- Problem requirements
Omit the pictures and extract only the lines from the line containing "a panoramic photo" to the end of the material, each exactly as written.

---------- Collected material

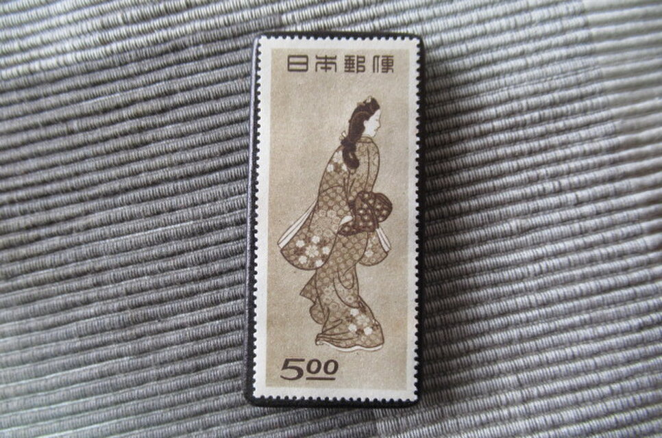 日本 「見返り美人」美術切手ブローチ 1555
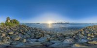 a panoramic photo of a beautiful sunrise over the water, with rocks and trees
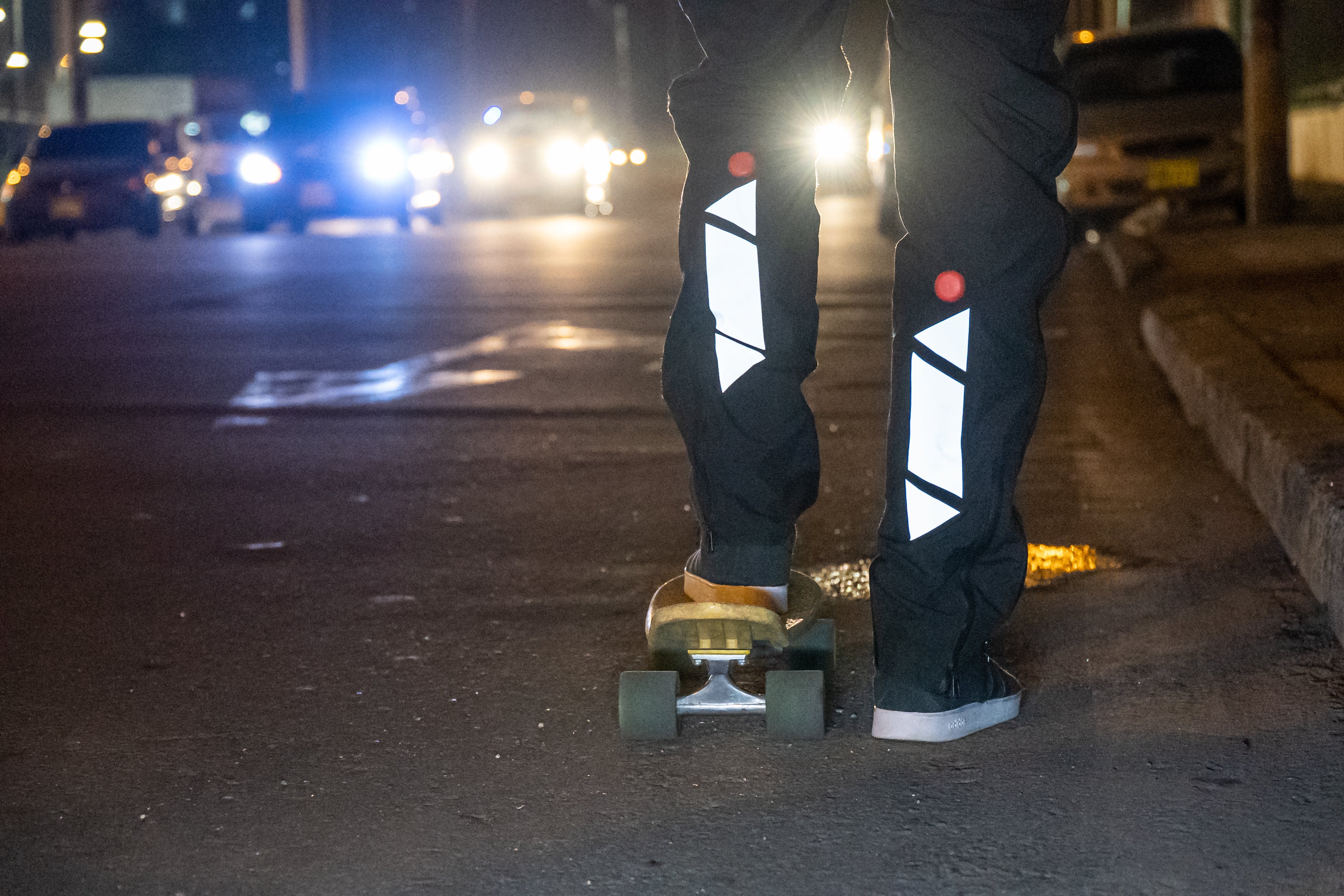 手首・腕・背中の3箇所に反射材が付いているので、暗い時間帯でもしっかり目立ちます。

--------------------

- Solution to the problem
 a panoramic photo of a beautiful sunrise over the water, with rocks and trees
 手首・腕・背中の3箇所に反射材が付いているので、暗い時間帯でもしっかり目立ちます。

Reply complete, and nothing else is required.